Son zamanlarda bilime ve bilim insanlarına özellikle Amerika’da karşı anlamsız küçümseme ve tepkiler görmeye başladık. Bir bilim ülkesi diye düşündüğümüz Amerika’da yozlaşma had safhada. Çok kısa sürede, aşı karşıtları, dünyanın düz olduğuna inananlar, dinazorlarla insanların beraber yaşadığını savunanlar, doktorları dinlemek ve kendini korumak yerine “virüsü protesto edenler” ile dolu bir yer haline geldi burası.

Unutmayın ki bilimin bize verdiği şey kesinliktir, bilimde “onun fikri, bunun fikri” diye bir kavram olamaz, her fikir metodik olarak test edilir, kanıtlanırsa tutulur, kanıtlanmazsa vazgeçilir. Çok basit ve rahatlatıcı bir durumdur bu. Bilimin kişiselliği veya taraf tutuculuğu yoktur.

İnternet bize bugün çok kolay bilgi ve bilimsel verilere ulaşma gücü veriyor. Ancak bununla beraber inanılmaz kafa karıştırıcı komplo teorileri ve bilgi kirliliği de var ve bu durum oldukça tehlikeli.Özellikle COVID-19 pandemiğinde bilgi kirliliği inanılmaz boyutlara ulaştı ve kişilerin sadece sağlığını değil, yaşamlarını da tehdit ediyor.Bu nedenle öncelikli ricam kendinizi ve sevdiklerinizi bilgi kirliliğinden koruyun. Arkadaşlarınızdan duyduklarınızı, televizyonda seyrettiklerinizi, ve en önemlisi sosyal medyada okuduklarınızı mantık ve sorgu filtresinden geçirin.

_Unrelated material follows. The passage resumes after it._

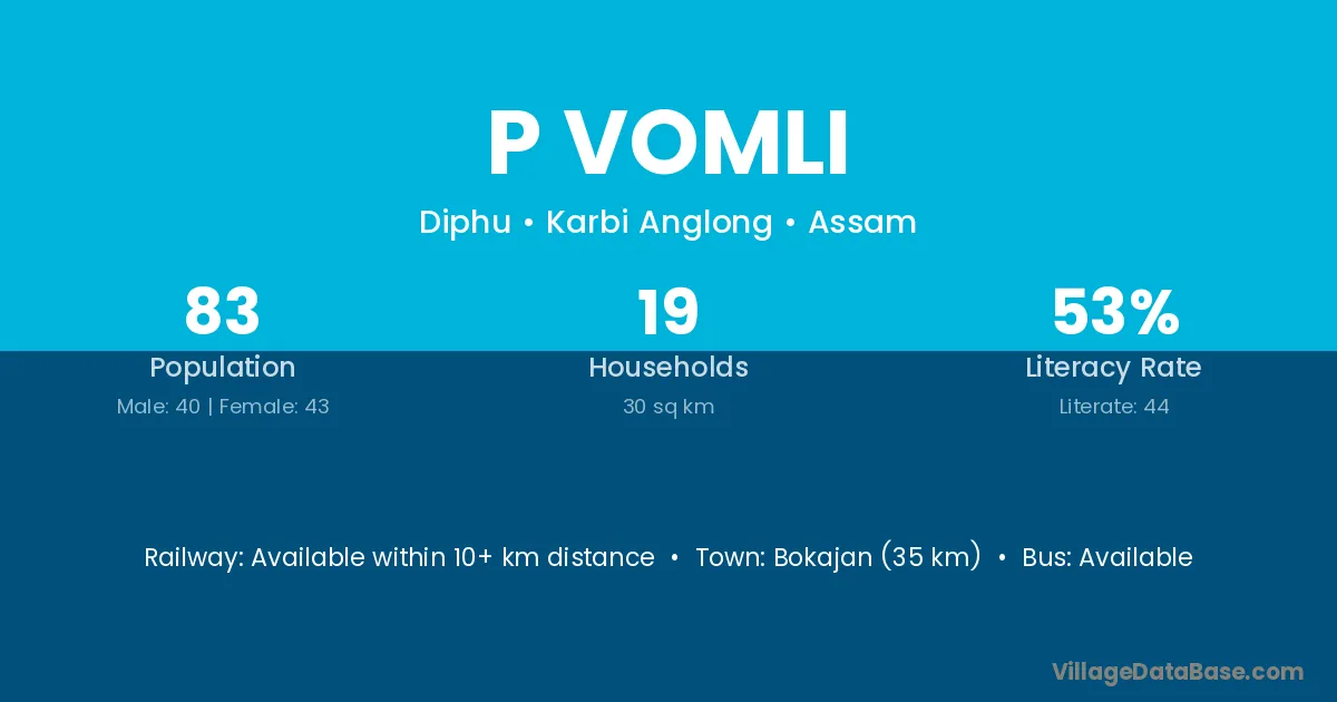 Bokajan (35 km) is the nearest town to P Vomli village for major economic activities and is located approximately 35 km away.

Sadece işinde uzman olan ve güvenilir insanları ciddiye alın. Soru sormaktan çekinmeyin.

Bunun çok kolay bir testi vardır: bir insan çok kesin ifadelerle “şunu yapın buna iyi gelir” gibi öğütler veriyorsa, ondan “niye” sorusunu cevaplamasını isteyin. Niye olduğunu açıklayamıyorsa, söylediklerini kesinlikle ciddiye almayın.

Teşekkürler.

Ben teşekkür ederim, büyük keyif aldım!

MEHMET BELGİN HAKKINDA 

Lisans eğitimini ITU Deniz Teknolojisi bölümünde tamamladıktan sonra bu bölümde ve ITU Bilişim Enstitüsünde Mühendislik ve Bilimsel Hesaplama alanlarında eş zamanlı iki Master çalışması bitirdi, ve Türkiye’nin ilk hayalet gemi projesi olan “Milgem”1 projesine katkıda bulundu. Master çalışmalarını tamamladıktan sonra Amerika’da Virginia Tech Üniversitesi’nde Bilgisayar Bilimleri konusunda doktoraya kabul edildi. Doktorası sırasında Dünyanın en hızlı 3. Süperbilgisayarı olan “SystemX” sisteminin kurulmasında yer aldı, ve doktora eğitiminin sonuna kadar bilim adamlarının bu sistemi efektif kullanabilmeleri için danışmanlık hizmetleri verdi ve bu sistemin bilimsel yazılımlarından sorumlu oldu.

Doktora eğitiminden sonra 2019 itibarıyla Amerika’nın en iyi 4. mühendislik üniversitesi kabul edilen Georgia Tech Üniversitesinde Araştırmacı Bilim adamı olarak ise başladı, ve kısa sürede bu üniversitenin bilimsel hesaplama merkezinin direktör yardımcılığına yükseldi. Bu görevi çerçevesinde 2017 Nobel ödülüne layık görülen LIGO (Gravitasyonel Dalgalar) bilim adamlarıyla çalışmalar ve yayınlar yaptı ve bu projenin hesaplamalarının yapılması için Georgia Tech’de biri su anda aktif olan, diğeri de 2020 sonuna doğru devreye girecek olan iki adet LIGO süperbilgisayarının kurulumunu gerçekleştirdi.